[HOW TO COMPLETE THIS TASK]: Scan the records below for the line with "看着知乎上面玩自媒体的动不动" and the line with "Matte Privacy Window", and retype that range exactly, both ends included, pictures excepted.

[TASK DATA]:
=-=-=

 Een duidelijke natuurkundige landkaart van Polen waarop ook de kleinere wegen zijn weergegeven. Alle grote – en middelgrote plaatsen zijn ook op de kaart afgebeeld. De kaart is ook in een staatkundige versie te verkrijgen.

=-=-=

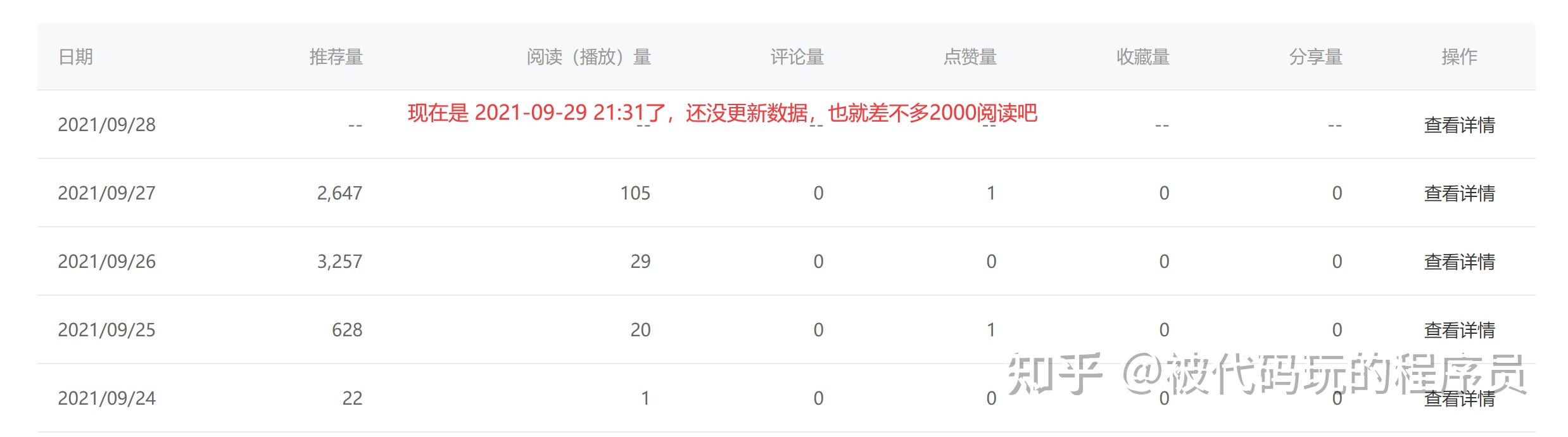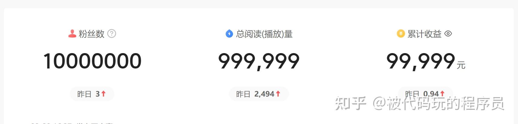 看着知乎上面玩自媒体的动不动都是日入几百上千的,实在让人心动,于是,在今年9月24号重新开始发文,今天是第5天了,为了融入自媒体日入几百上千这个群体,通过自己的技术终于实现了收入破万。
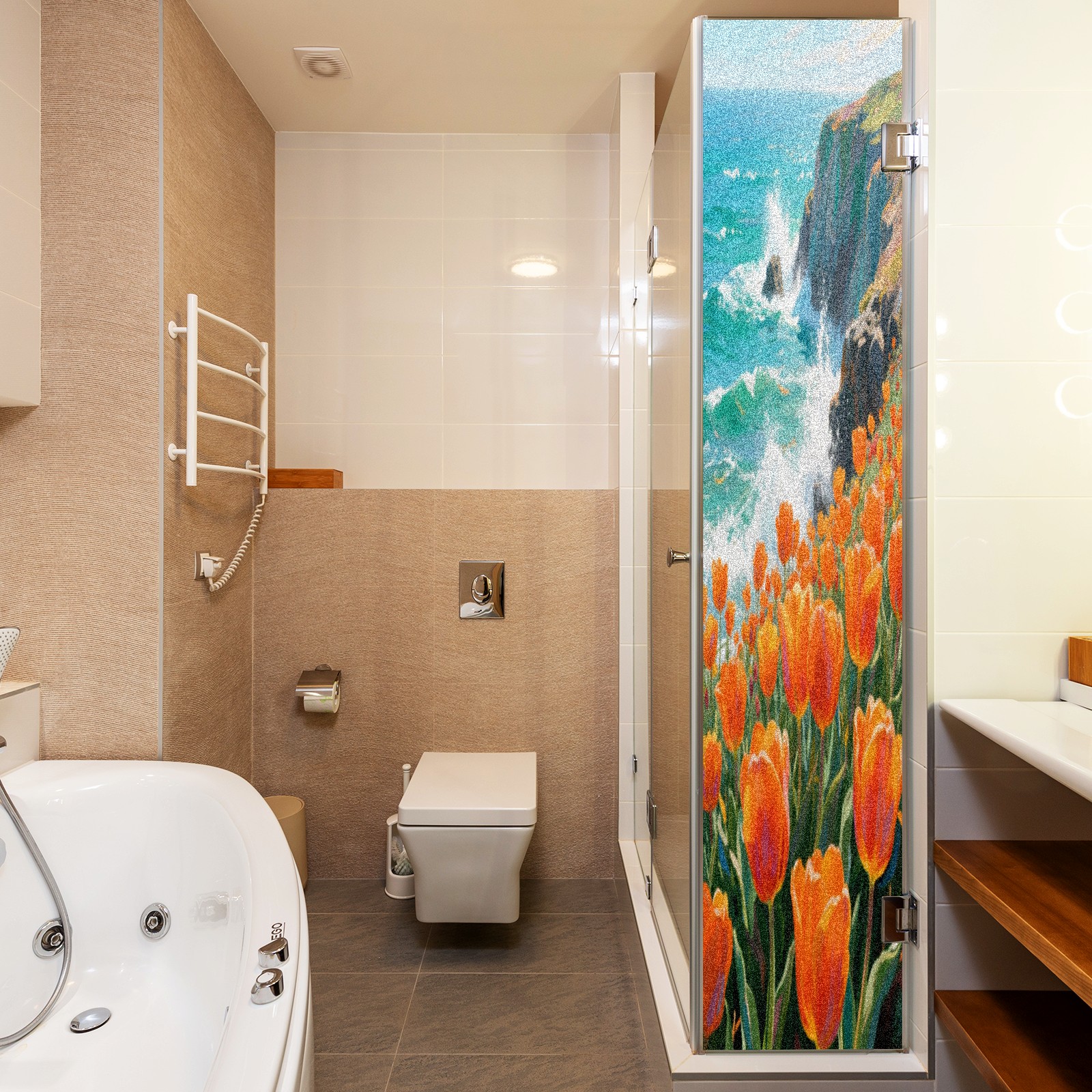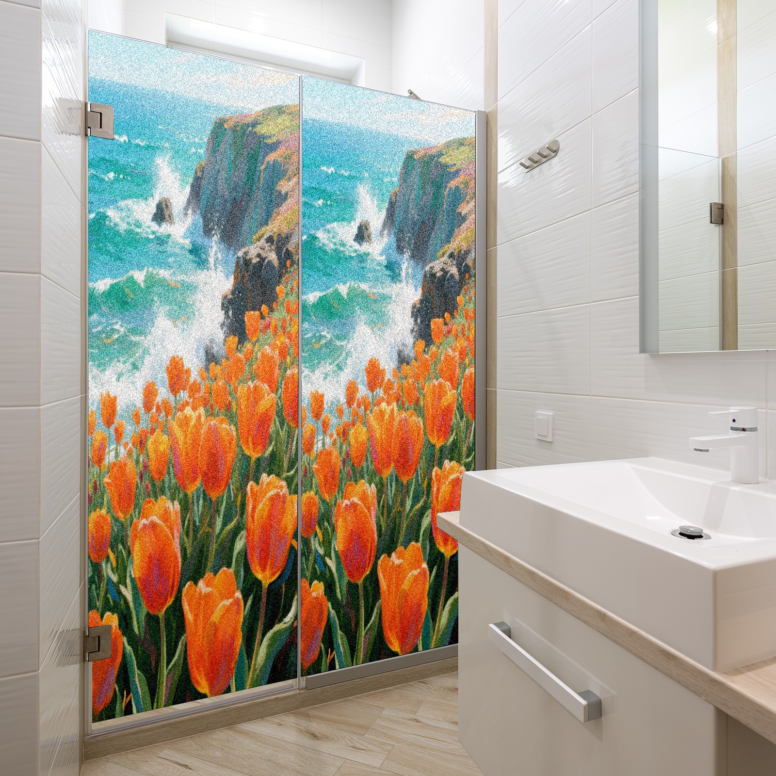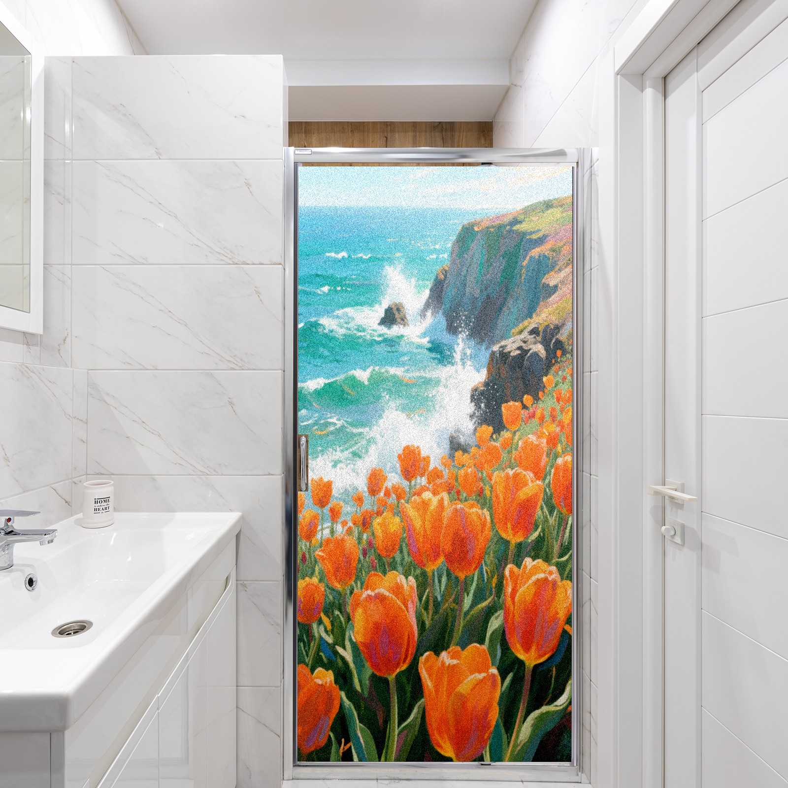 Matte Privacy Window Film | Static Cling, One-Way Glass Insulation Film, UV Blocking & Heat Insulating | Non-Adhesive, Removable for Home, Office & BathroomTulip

=-=-=

[COMPLETED TASK]:
 看着知乎上面玩自媒体的动不动都是日入几百上千的,实在让人心动,于是,在今年9月24号重新开始发文,今天是第5天了,为了融入自媒体日入几百上千这个群体,通过自己的技术终于实现了收入破万。
 Matte Privacy Window Film | Static Cling, One-Way Glass Insulation Film, UV Blocking & Heat Insulating | Non-Adhesive, Removable for Home, Office & BathroomTulip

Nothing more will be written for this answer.